What you are asked to do
In the records below, the lines between the one holding "Ten wyjątkowy zestaw" and the one holding "конфорок: нержавеющая сталь", inclusive, are to be transcribed exactly; no pictures are to be included.

Data to use
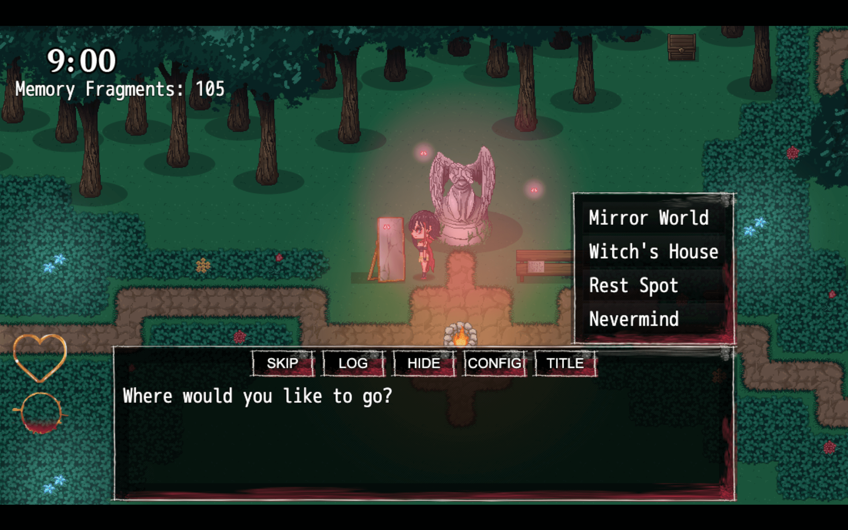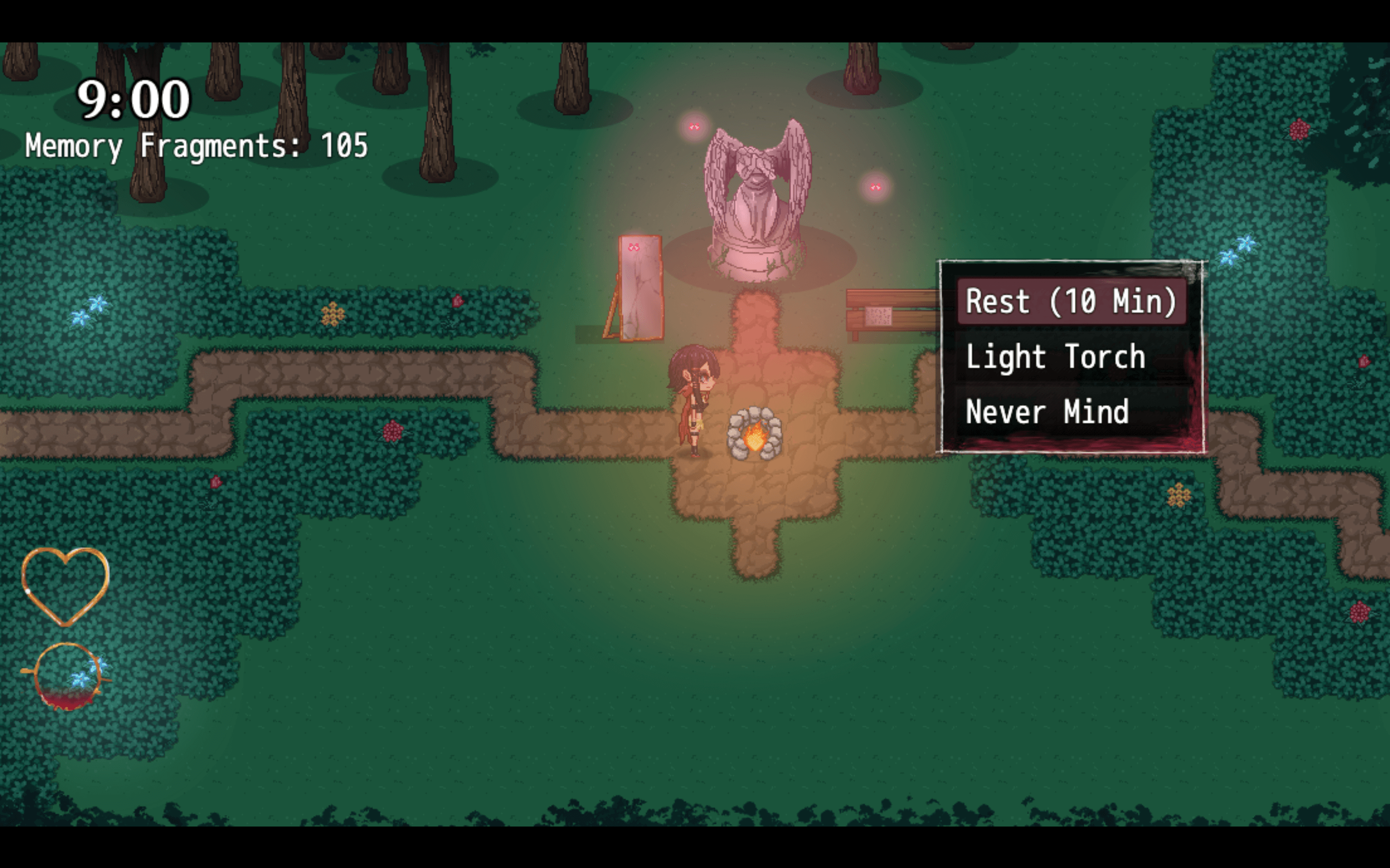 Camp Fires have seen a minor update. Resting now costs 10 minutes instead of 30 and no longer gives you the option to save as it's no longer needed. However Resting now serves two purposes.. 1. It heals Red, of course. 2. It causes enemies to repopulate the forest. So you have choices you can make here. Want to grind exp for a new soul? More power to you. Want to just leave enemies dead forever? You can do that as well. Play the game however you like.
...
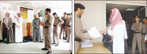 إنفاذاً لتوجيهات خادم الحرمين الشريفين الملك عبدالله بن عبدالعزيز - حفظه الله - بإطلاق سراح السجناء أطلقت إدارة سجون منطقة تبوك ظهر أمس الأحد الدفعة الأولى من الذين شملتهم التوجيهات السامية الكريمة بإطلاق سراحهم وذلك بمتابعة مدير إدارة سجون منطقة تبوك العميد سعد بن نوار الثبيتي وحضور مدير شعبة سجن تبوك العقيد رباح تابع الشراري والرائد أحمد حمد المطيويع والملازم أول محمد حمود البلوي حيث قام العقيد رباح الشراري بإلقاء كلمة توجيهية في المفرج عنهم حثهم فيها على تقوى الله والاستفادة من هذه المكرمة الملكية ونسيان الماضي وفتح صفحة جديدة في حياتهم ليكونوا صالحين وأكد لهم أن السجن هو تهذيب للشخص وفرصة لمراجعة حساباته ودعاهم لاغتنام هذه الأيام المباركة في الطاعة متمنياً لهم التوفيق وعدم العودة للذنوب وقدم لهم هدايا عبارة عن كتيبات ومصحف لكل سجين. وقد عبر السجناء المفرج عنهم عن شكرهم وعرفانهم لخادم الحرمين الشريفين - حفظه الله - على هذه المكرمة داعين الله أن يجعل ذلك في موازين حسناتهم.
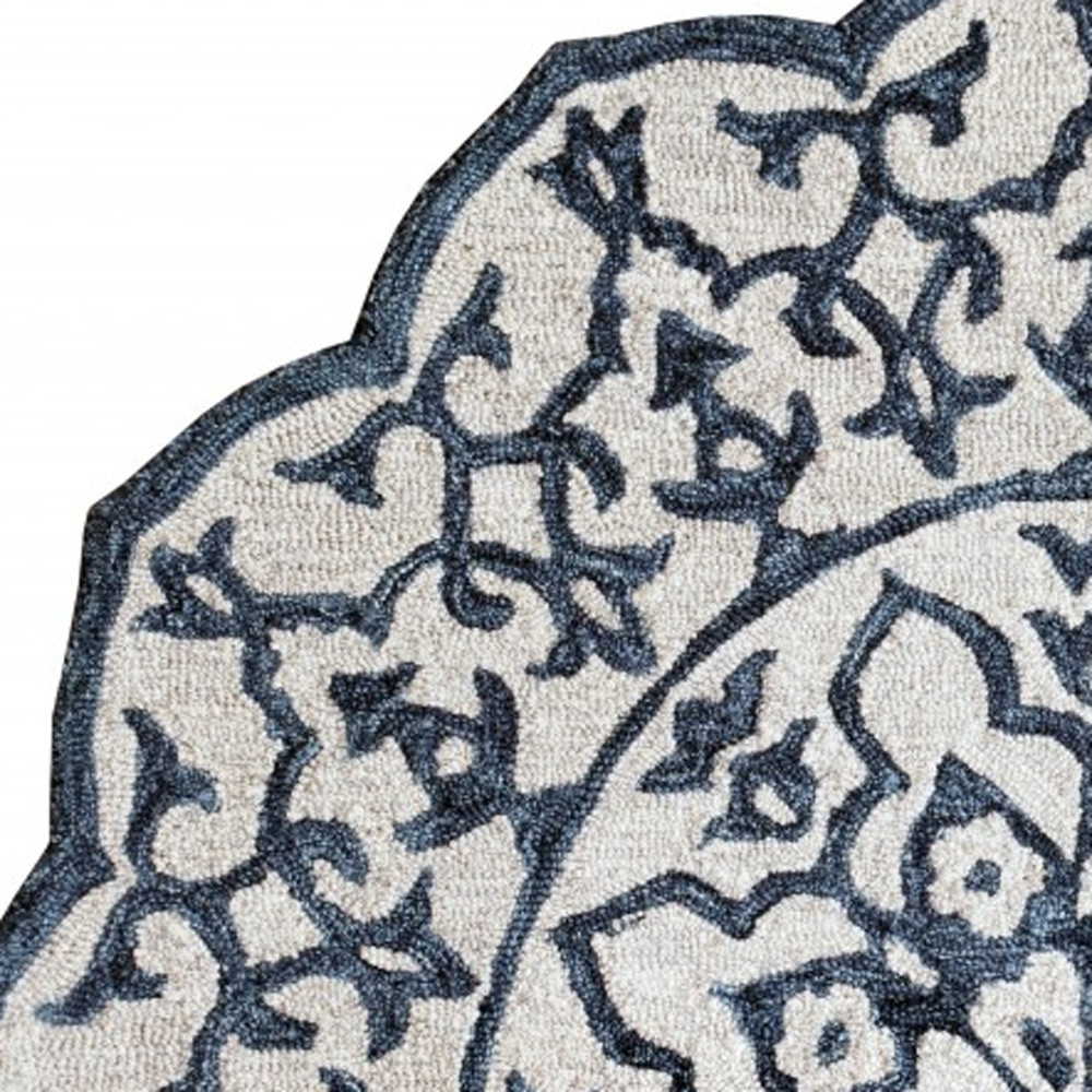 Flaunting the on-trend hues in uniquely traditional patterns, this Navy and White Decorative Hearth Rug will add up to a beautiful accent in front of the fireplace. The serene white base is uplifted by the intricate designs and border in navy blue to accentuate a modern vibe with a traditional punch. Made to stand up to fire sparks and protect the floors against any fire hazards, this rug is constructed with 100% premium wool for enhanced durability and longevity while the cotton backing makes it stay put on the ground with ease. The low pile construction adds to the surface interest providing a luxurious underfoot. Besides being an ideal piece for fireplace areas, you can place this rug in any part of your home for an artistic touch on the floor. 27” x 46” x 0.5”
...
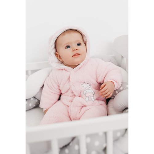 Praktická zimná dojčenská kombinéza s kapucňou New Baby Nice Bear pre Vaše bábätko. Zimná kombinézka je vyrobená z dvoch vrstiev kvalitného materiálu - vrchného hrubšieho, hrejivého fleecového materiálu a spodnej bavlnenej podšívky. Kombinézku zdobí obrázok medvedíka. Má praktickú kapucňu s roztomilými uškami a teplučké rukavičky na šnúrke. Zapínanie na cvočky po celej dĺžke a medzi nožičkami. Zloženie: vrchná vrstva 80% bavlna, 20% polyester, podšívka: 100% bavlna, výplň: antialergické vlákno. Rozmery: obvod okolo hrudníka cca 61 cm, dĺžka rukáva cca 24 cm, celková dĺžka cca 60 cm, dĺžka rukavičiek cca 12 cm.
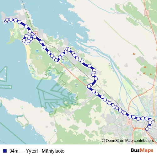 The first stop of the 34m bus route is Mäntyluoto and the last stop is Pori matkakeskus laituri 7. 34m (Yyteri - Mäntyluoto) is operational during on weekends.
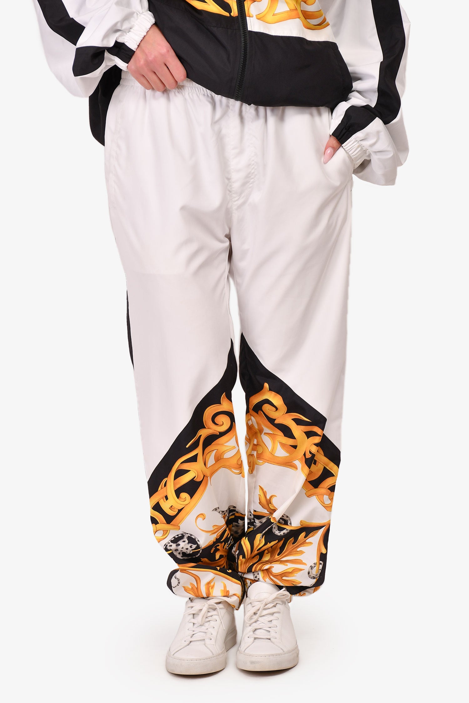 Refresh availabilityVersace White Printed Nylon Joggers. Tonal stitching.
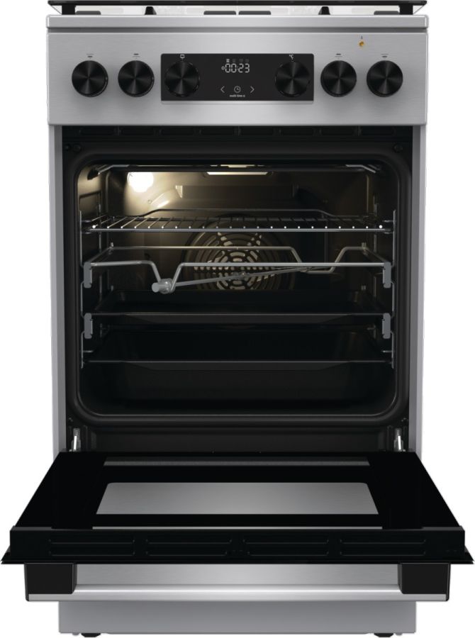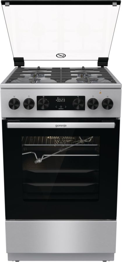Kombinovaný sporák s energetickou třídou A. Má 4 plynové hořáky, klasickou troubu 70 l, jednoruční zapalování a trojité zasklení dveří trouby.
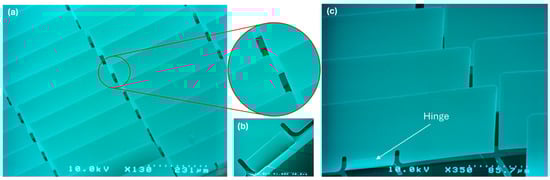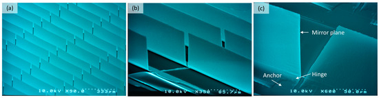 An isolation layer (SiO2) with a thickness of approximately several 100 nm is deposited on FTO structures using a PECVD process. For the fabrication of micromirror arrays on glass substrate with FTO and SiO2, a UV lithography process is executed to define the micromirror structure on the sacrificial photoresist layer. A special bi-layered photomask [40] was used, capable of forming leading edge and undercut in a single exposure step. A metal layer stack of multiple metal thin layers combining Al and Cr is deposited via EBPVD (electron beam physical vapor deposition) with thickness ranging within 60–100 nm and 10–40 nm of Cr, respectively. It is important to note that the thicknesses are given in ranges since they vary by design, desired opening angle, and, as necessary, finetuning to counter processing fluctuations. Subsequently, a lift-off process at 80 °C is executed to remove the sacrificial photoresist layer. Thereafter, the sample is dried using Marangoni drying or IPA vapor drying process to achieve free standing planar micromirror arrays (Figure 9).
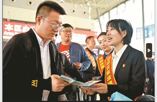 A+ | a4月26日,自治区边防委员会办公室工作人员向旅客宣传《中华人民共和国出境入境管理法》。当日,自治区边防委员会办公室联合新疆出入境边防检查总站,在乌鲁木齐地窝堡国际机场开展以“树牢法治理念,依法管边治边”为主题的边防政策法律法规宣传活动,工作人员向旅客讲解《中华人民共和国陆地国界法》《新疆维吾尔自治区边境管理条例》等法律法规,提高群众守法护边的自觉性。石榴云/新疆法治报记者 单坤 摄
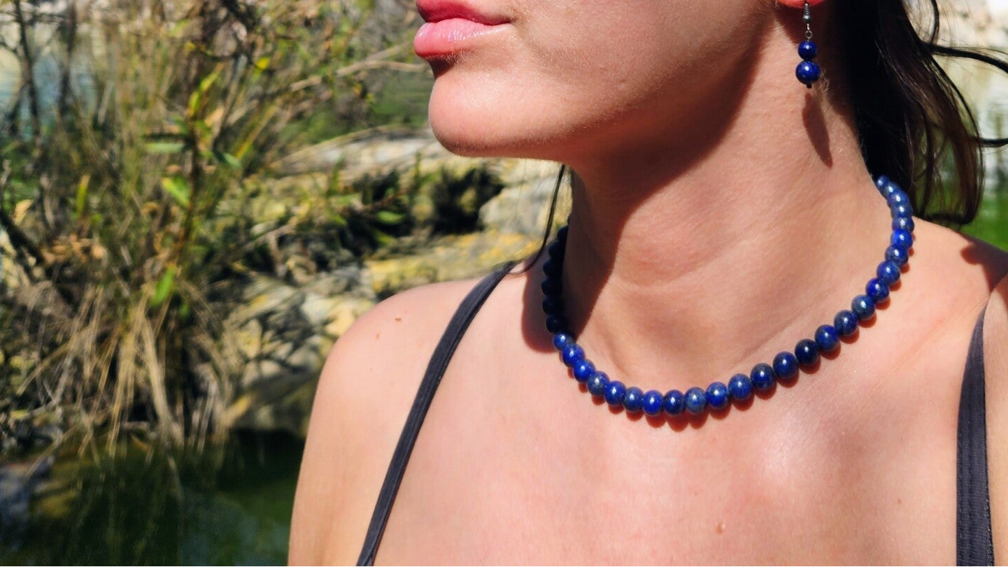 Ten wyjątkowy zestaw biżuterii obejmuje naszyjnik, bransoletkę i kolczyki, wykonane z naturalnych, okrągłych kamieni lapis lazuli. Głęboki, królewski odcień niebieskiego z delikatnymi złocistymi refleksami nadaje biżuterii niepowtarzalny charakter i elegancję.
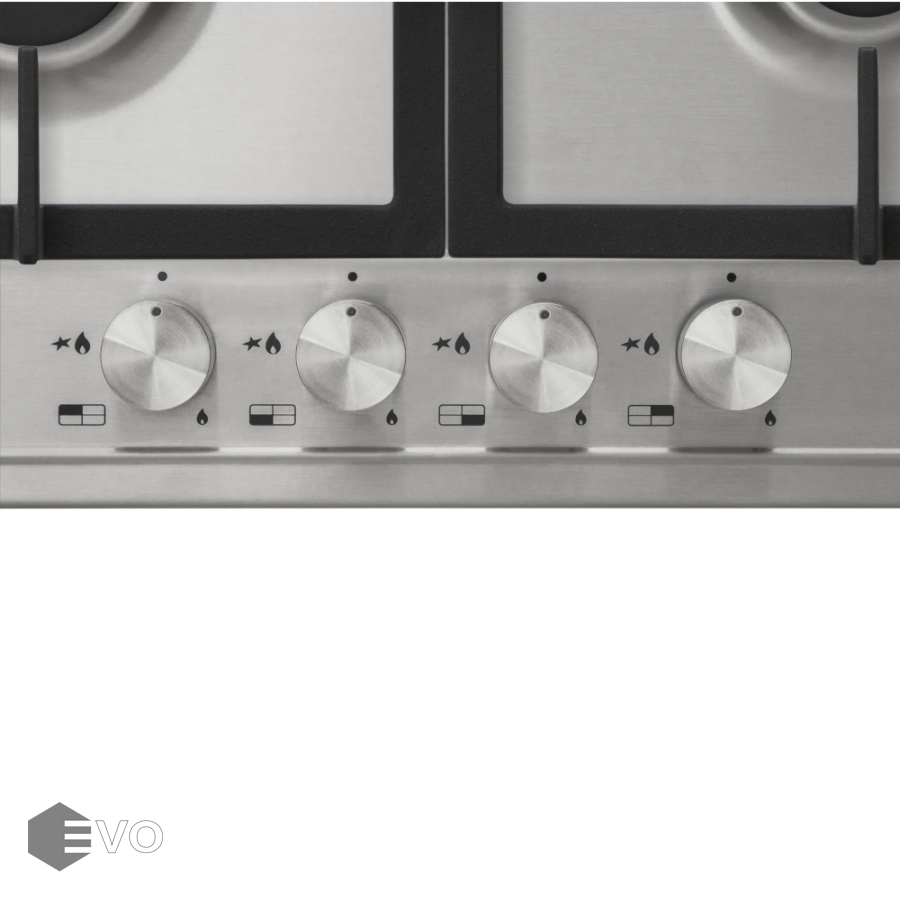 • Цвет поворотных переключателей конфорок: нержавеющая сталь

Response
 Ten wyjątkowy zestaw biżuterii obejmuje naszyjnik, bransoletkę i kolczyki, wykonane z naturalnych, okrągłych kamieni lapis lazuli. Głęboki, królewski odcień niebieskiego z delikatnymi złocistymi refleksami nadaje biżuterii niepowtarzalny charakter i elegancję.
 • Цвет поворотных переключателей конфорок: нержавеющая сталь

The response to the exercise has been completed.